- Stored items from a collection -

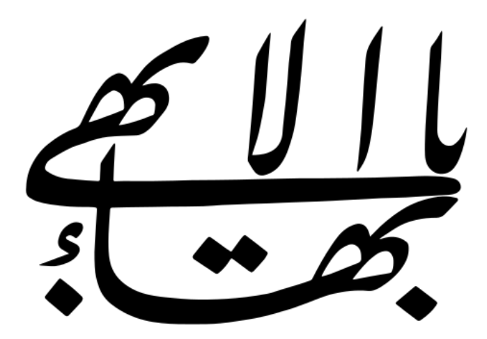
Figure 1: Mishkín-Qalám's iconic calligraphic rendering of the invocation Yá Bahá'u'l-Abhá Image produced by 'Parsa' of the Wikipedia community

Yá Bahá'u'l-Abhá also holds a special place in Bahá'í iconography through a calligraphic rendering of the invocation that was produced by Mírzá Ḥusayn-i-Iṣfahání (familiarly known as Mishkín-Qalam<sup>15</sup>), an early Bahá'í and one of Bahá'u'lláh's contemporaries. This iconic rendering of Yá Bahá'u'l-Abhá, pictured below, is typically framed and displayed prominently in Bahá'í homes and centres all across the world.
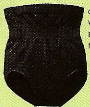
CONTROL IT WAISTNIPPER BRIEF, $25, MAIDENFORM.COM

Look for a shaper with high-cut legs and a full bottom to cinch the waist and smooth and shape the rear.
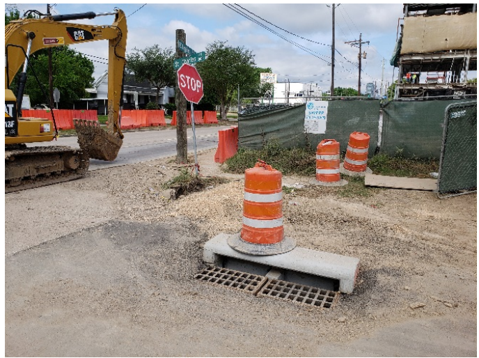
New storm sewer inlet at the northwest corner of St. Charles & Elgin (04/06/20)
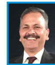
BRIGADIER SS JOON (RETD)
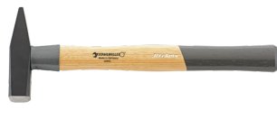
70110011 Engineers hammers
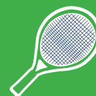
Racquet Up to 29"
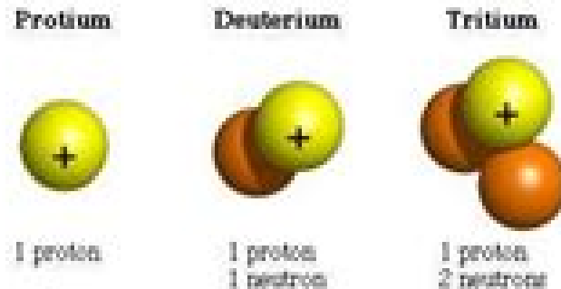
The Nuclei of the Three Isotopes of Hydrogen
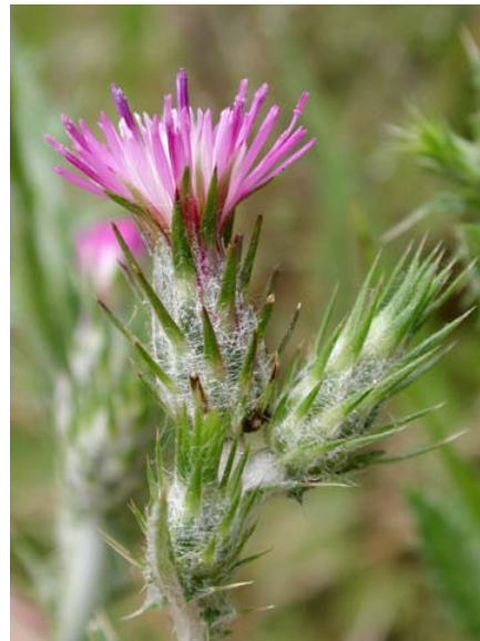
Italian Thistle Carduus pycnocephalus Introduced Annual Sunflower Family
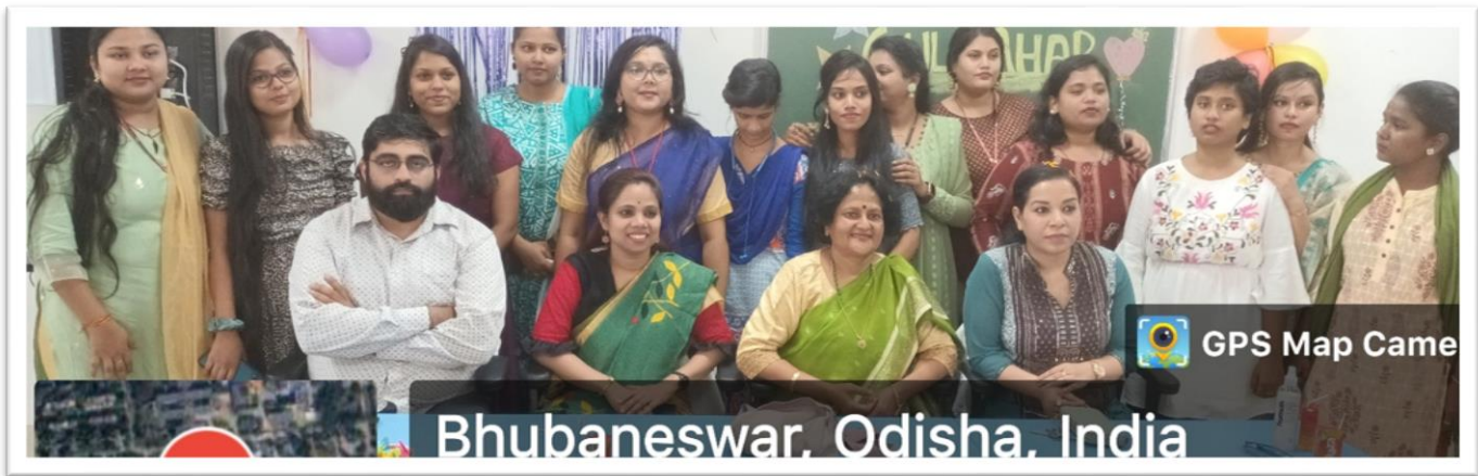
Figure 21: 5 September 2022, Calibration of teacher's day with lots of performances by the students.
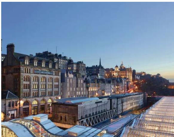
The development will transform a key under-used site on Market Street

He said his studio have created a site-specific "biogeographical" response to these
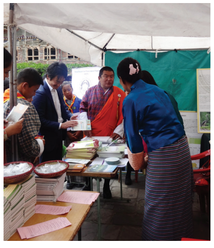
The Chief Guest visited exhibition stall put up by RSPN to commemorate the day.

Oinciding with World Environment Day on June 5, 2015, Royal Society for Protection of Nature participated in an exhibition on solid waste management at the Clock Tower in Thimphu.
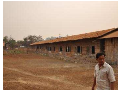
outside view of the classrooms
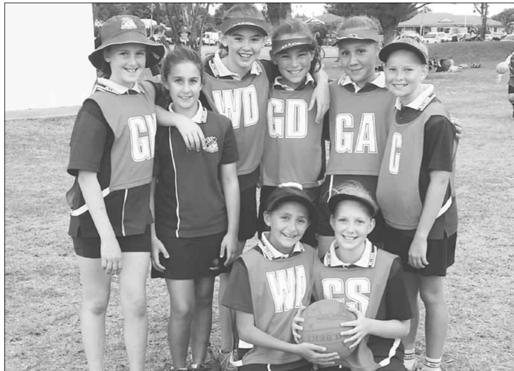
RIGHT: Senior Girls netball.

Soccer - Congratulations to the soccer players for their performances. The Allora Division 3 Team were runners-up and the Allora Division 1 Team were undefeated winners. Students from Years 9 and 10 officiated on the days, with the school being contacted to congratulate them on the excellent job they did. Thank you to those students.
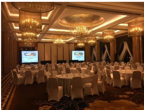
ICCCASU3 大会主会场 ICCCASU3 Main Conference Room

本次会议以“一带一路”与节点： 城市建设的新影响与新范式 为主题，探讨中国、加拿大和非洲国家目前的城市发展模式，以确定如何在一系列地理、历史、政治和经济背景下，更好地解决脆弱性、降低不稳定性，提高效率、促进繁荣与智能城市发展，并审视制约可持续城市发展的地方和全球问题，确定应当建立的机制，以改进地方和全球城市空间治理。围绕“发展、平等和包容”、“城市土地利用、可持续发展与生态文明”、“气候变化与建成环境应对”、“智能技术与城市智能”、“城市更新与棚户区改造”、“产业园区、农业加工区与工业型城市转型”等六大主题，来自全球 23 个国家的近 150 名代表共聚成都，共同探讨世界快速城镇化地区在城市发展方面面临的问题。
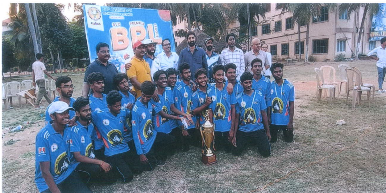
WINNERS (CAD & ML) in BPL 2025 (BVC PREMIER LEAGUE CRICKET TOURNAMENT)
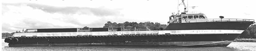
Built in 2005 • Caterpillar Powered • US Flag
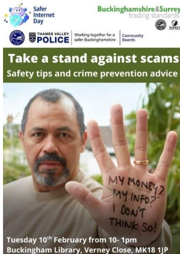
10 - Scam Awareness Flyer

Buckingham, Horwood and Newton Longville: Map public and community transport services, acknowledging that communities in North Bucks rank highly for time taken to travel to GP services and village/town centres.
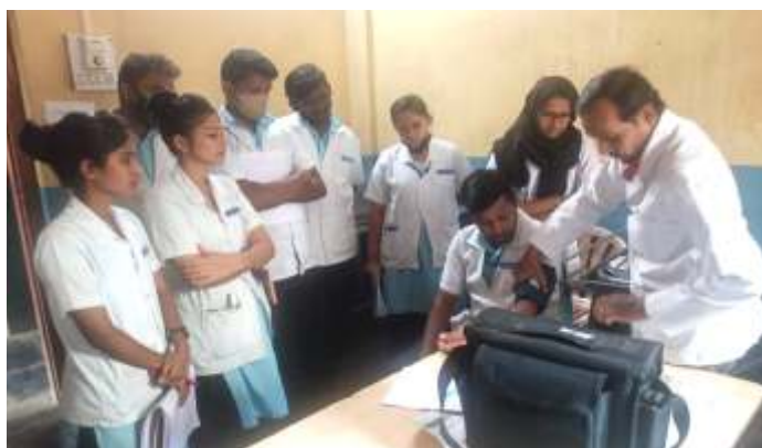
Community Health Nursing Lab
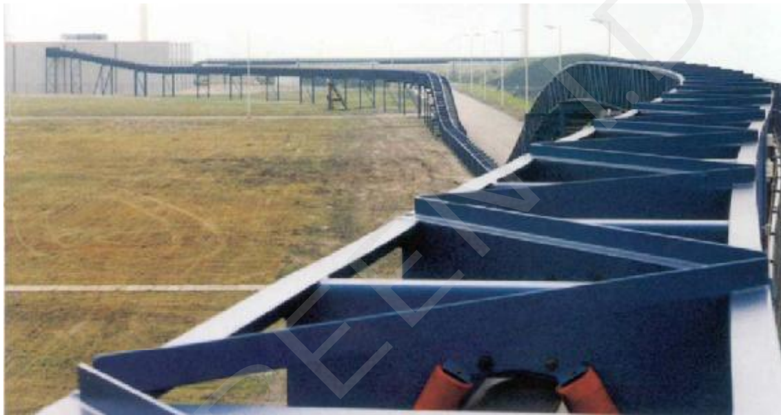
Pipe-conveyor near Rotterdam the Netherlands

Pipe-conveyors have been installed so far for capacities up to 3000 t/h with a pipe-diameter of 700 mm. The maximum length for one system is approx. 5,000 meters.
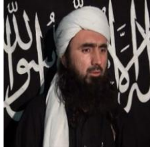
Usman Ghazi Emir, former deputy Emir (deceased)
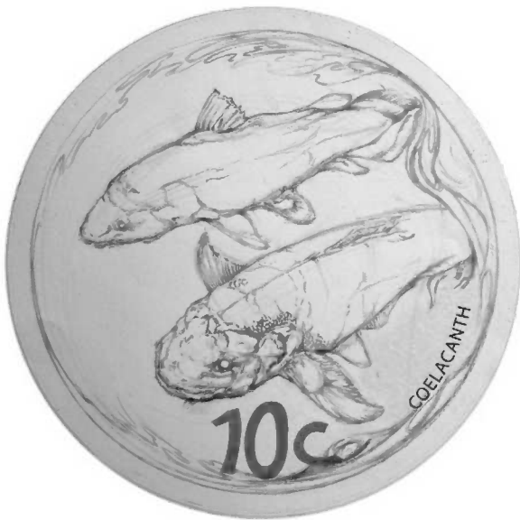
Reverse - 10c (1/2 oz) Sterling Silver Coin
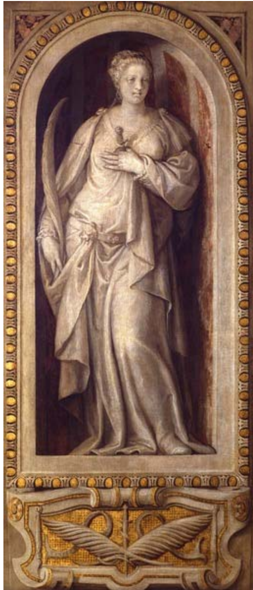
Figure 18. Paolo Veronese, Saint Justina of Padua , 1582, oil. Sala del Colleggio, Ducal Palace, Venice.

Inspired by Mantegna's composition, Giovanni Bellini painted a mysterious Saint Justina of Padua (Figure 17), which was commissioned by the Borromeo family and now is in the Palazzo Bagatti Valsecchi in Milan. In a parapet, the holy figure stands in contrapposto, dressed in Renaissance courtly attire, and crowned as a majestic saint. She holds her ascribed attributes of martyrdom—a palm frond and a book—while her breast area is pierced with a gladius . Her royal status is revealed with the ornamentation of jewels: a golden jeweled belt with pearls and carnelian stones matching the jewel decorations in her sleeve and arm band, and a long pearl brooch holding her mantle. A halo surrounds her royal crown that rests on a double row of tresses braided with lace and pearls. Bellini has created a combination of a mystical and physical space behind the standing holy figure. Using a sfumato technique and visually moving from the bottom to the top of the picture plane, the coloration in this background modulates gradually from a creamy lightness into a bluish tonality, a
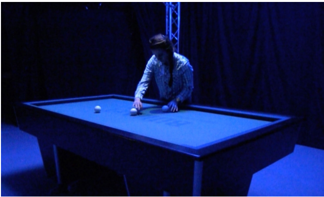
Fig. 1. Participant interacting with BilliArT.

The installation represents a unique case study for scientific investigation because it was specifically designed to be an artistic work as well as a measuring tool . It is a broad idea, but practically it means that the installation allows for an experimental setup to be built around it, by fulfilling a list of requirements: for example, the size of the system must fit in the lab; the duration of the interaction must allow observation without being hours long, and of course the laboratory paraphernalia must not interfere with the artistic experience of the system. In this sense, the close collaboration of the artist has been valuable and necessary. Nobody else can have the authority to judge about the impact that a small decision can have on the desired effect of the installation – unless mandated by the artist himself. Getting the artists personally involved is generally a great asset to the project (Guggenheim 2003), but it's not always possible (for reasons including geographical distance, overbooking, unavailability, lack of interest, untimely passing, etc.). In our case, not only did the artist participate in the experimental design, but helped with the planning of the data collection and analysis thanks to his in-depth knowledge of the technical setup of the installation. For a detailed description of the technical setup, see Vets et al. 2017; in the next Section we present a concise description of how the installation works.
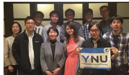
YNU SF-Bay Area Alumni Preparation Meeting commemorative photo

Details : http://www.ynu.ac.jp/hus/alumni/14549/
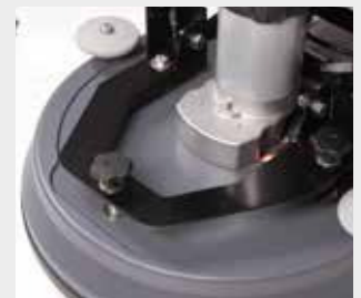
Double knob for brush regulation
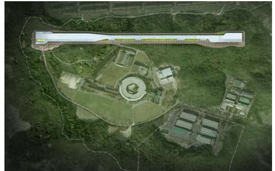
•After completion of PAL-XFEL
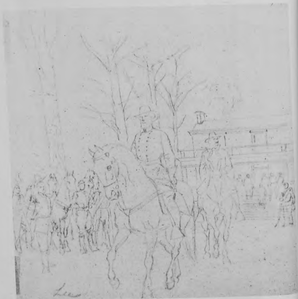
General Lee and his aide, Colonel Charles Marshall, ride away from the McLean house after the surrender.
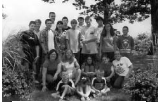
Marilla Missions Team 2003
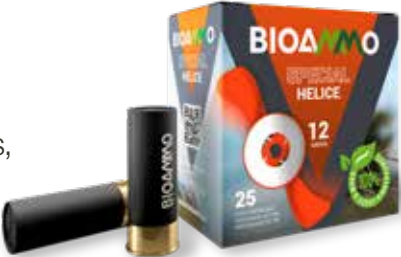
25 cartridges box 250 cartridges case
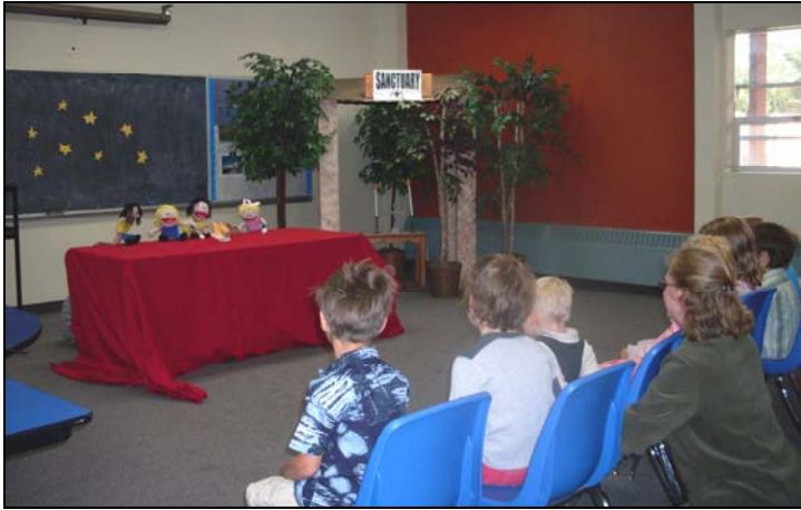
A puppet show was offered to the children of the Sunday School Creative Classroom Circuit.
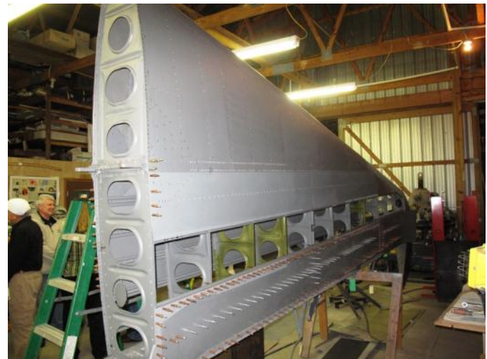
Progress on the elevators
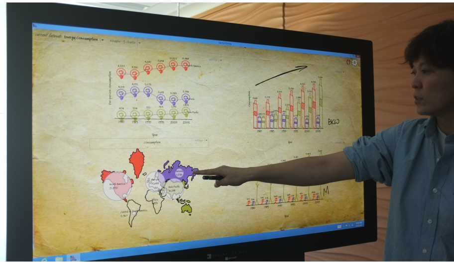
Fig. 1: SketchStory attracts attention and creates anticipation using a real-time approach to content creation with pen and touch interaction.
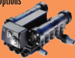
Magnum / 942F
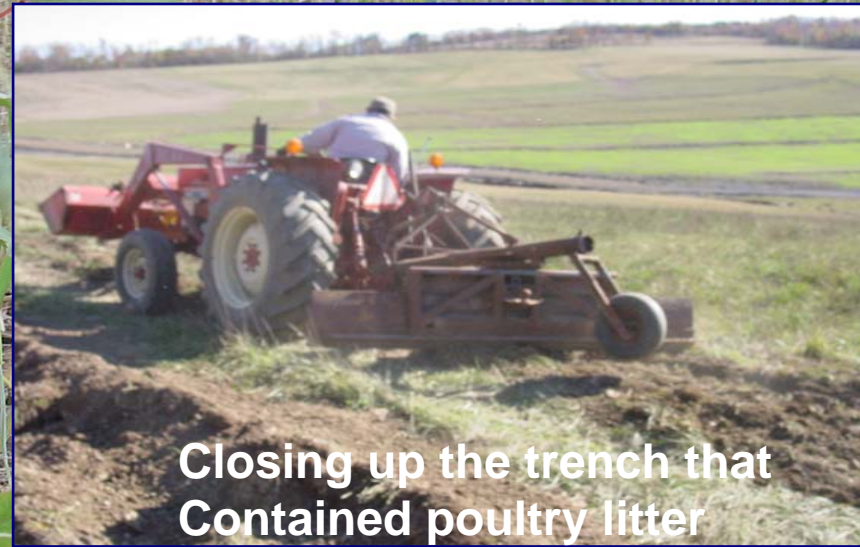
Closing up the trench that Contained poultry litter

- Exercise brief -
Every line in the data above that includes the word "Team" should be copied.

- Output for this task -
Soccer - Congratulations to the soccer players for their performances. The Allora Division 3 Team were runners-up and the Allora Division 1 Team were undefeated winners. Students from Years 9 and 10 officiated on the days, with the school being contacted to congratulate them on the excellent job they did. Thank you to those students.
Marilla Missions Team 2003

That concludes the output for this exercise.